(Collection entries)

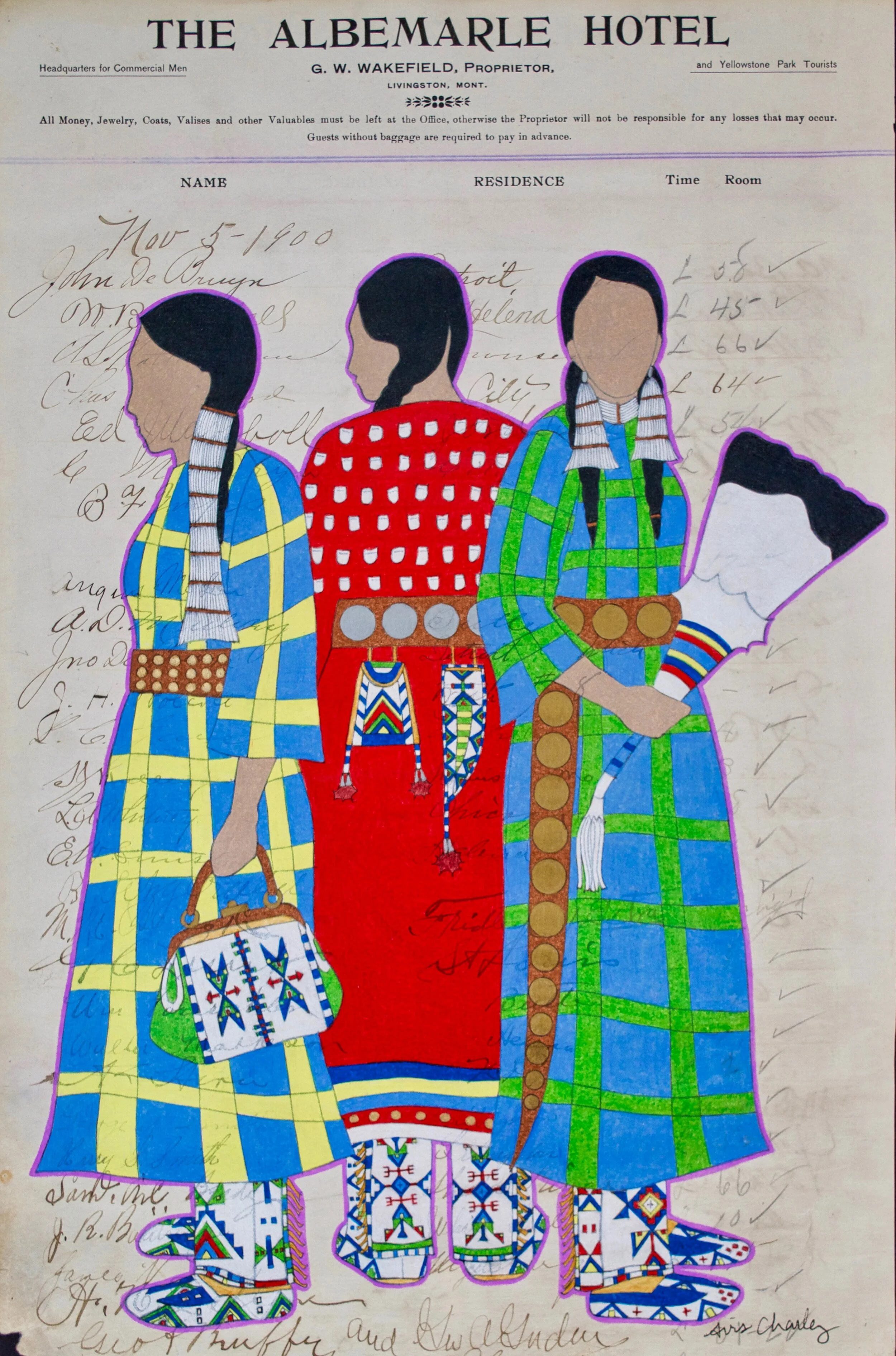 “Ledger Art” began as male prison art - a new medium in a new environment. Color pencils, crayons, and pages from accounting ledger books spoke of the masculine aspects of culture with stories of warring, hunting, and courting scenes by our ancestors.
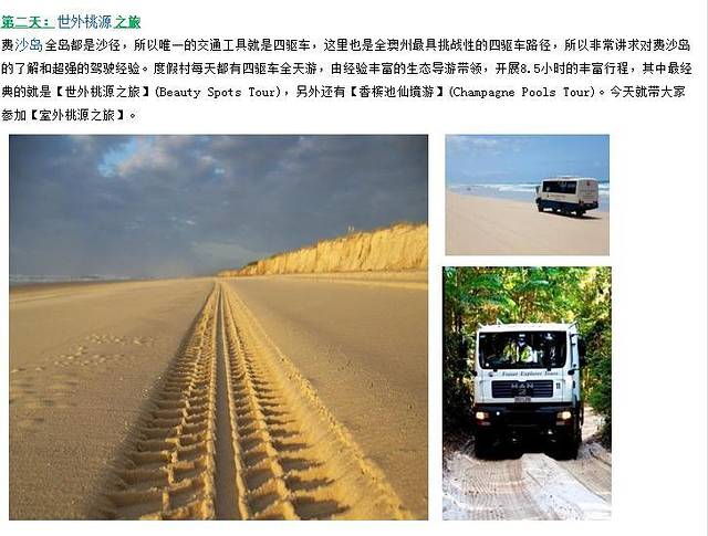 费沙岛全岛都是沙径,所以唯一的交通工具就是四驱车,这里也是全澳州最具挑战性的四驱车路径,所以非常讲求对费沙岛的了解和超强的驾驶经验。度假村每天都有四驱车全天游,由经验丰富的生态导游带领,开展8.5小时的丰富行程,其中最经典的就是【世外桃源之旅】(Beauty Spots Tour),另外还有【香槟池仙境游】(Champagne Pools Tour)。今天就带大家参加【室外桃源之旅】。
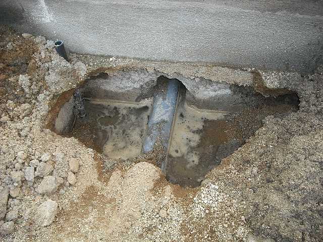 (既設給水配管を掘出中)
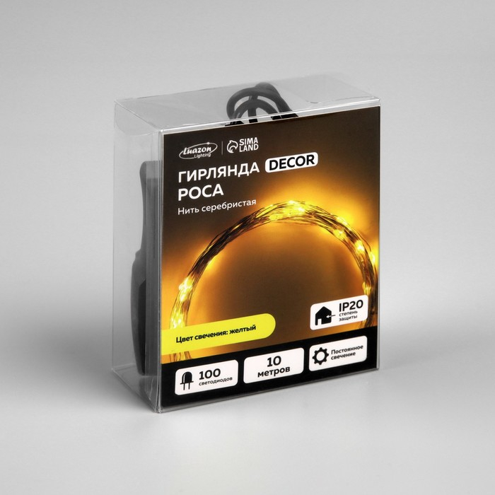 Гирлянда «Нить» 10 м роса, IP20, серебристая нить, 100 LED, свечение жёлтое, 12 В
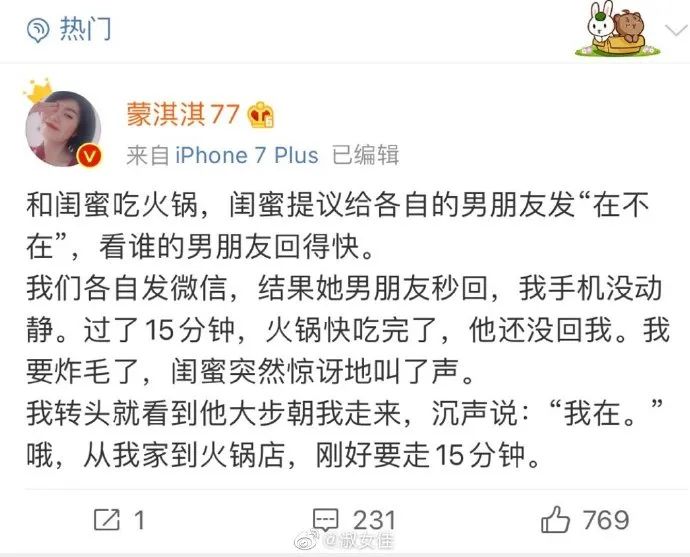跟闺蜜吃火锅时,微信男朋友在不,15分钟后,男朋友出现在了自己面前。

• _Activity_
Exactly as written, return each line above and leave the pictures behind.

• _Problem solution_
 “Ledger Art” began as male prison art - a new medium in a new environment. Color pencils, crayons, and pages from accounting ledger books spoke of the masculine aspects of culture with stories of warring, hunting, and courting scenes by our ancestors.
 费沙岛全岛都是沙径,所以唯一的交通工具就是四驱车,这里也是全澳州最具挑战性的四驱车路径,所以非常讲求对费沙岛的了解和超强的驾驶经验。度假村每天都有四驱车全天游,由经验丰富的生态导游带领,开展8.5小时的丰富行程,其中最经典的就是【世外桃源之旅】(Beauty Spots Tour),另外还有【香槟池仙境游】(Champagne Pools Tour)。今天就带大家参加【室外桃源之旅】。
 (既設給水配管を掘出中)
 Гирлянда «Нить» 10 м роса, IP20, серебристая нить, 100 LED, свечение жёлтое, 12 В
跟闺蜜吃火锅时,微信男朋友在不,15分钟后,男朋友出现在了自己面前。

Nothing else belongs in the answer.